━━━━━ Records

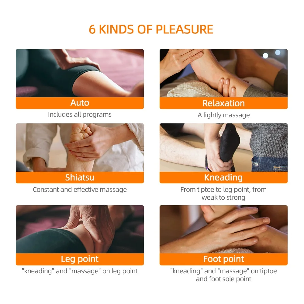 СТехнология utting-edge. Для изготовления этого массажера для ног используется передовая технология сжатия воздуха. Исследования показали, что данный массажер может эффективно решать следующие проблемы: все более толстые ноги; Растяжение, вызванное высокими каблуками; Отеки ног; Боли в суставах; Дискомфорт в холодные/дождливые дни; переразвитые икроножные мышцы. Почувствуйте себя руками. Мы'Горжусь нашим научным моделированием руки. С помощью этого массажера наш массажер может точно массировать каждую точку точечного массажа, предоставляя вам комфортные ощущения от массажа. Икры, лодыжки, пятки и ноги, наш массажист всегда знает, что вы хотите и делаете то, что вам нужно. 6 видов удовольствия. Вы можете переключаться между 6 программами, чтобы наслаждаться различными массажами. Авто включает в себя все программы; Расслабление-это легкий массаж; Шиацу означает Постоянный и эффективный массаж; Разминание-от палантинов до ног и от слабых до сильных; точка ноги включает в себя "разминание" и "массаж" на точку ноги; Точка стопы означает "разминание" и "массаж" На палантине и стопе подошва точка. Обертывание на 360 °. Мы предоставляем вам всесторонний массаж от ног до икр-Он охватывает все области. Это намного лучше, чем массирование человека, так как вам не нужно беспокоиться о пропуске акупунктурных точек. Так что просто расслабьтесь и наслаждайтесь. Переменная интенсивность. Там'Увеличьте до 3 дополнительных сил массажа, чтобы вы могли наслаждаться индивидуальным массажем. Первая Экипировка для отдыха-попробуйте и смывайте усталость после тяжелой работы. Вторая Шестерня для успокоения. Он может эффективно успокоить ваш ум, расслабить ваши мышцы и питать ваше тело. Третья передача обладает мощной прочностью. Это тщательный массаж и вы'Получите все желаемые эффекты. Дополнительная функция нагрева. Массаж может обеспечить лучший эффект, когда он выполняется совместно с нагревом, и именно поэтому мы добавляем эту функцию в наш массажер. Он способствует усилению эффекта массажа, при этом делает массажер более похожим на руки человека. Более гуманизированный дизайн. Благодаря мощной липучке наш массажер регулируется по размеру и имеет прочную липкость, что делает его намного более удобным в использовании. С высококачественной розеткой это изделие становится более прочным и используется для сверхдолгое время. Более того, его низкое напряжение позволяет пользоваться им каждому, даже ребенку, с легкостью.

━━━━━━━━━━
━━━━━ Records

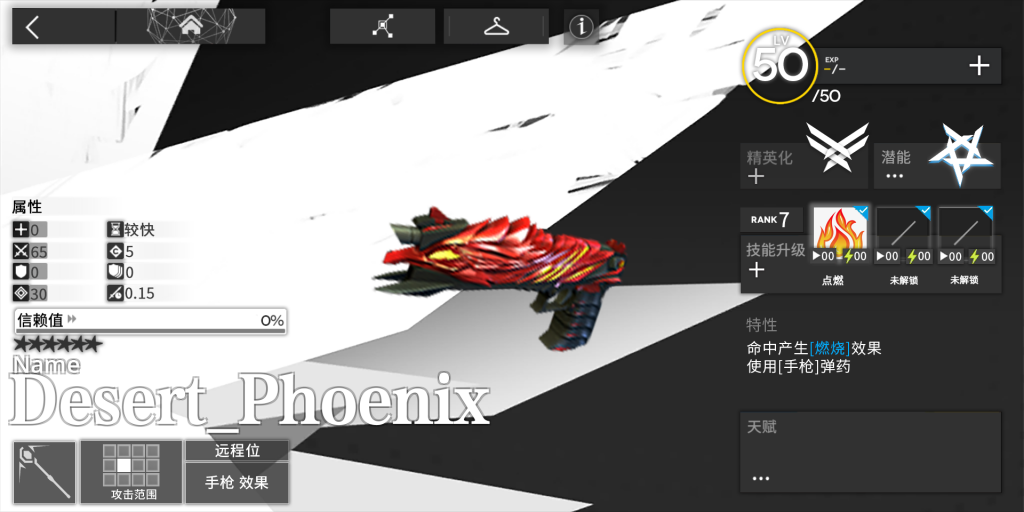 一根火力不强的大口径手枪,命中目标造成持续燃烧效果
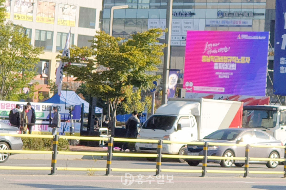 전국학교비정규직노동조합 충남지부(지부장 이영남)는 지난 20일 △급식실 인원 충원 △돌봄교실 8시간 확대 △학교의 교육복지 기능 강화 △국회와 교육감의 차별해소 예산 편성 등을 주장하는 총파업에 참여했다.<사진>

━━━━━━━━━━

**Assignment:** What to print is the stretch of entries from the line with "一根火力不强的大口径手枪,命中目标造成持续燃烧效果" up to and including the line with "전국학교비정규직노동조합 충남지부(지부장 이영남)는". Please print it exactly and leave out the pictures.

**Solution to this task:**
 一根火力不强的大口径手枪,命中目标造成持续燃烧效果
 전국학교비정규직노동조합 충남지부(지부장 이영남)는 지난 20일 △급식실 인원 충원 △돌봄교실 8시간 확대 △학교의 교육복지 기능 강화 △국회와 교육감의 차별해소 예산 편성 등을 주장하는 총파업에 참여했다.<사진>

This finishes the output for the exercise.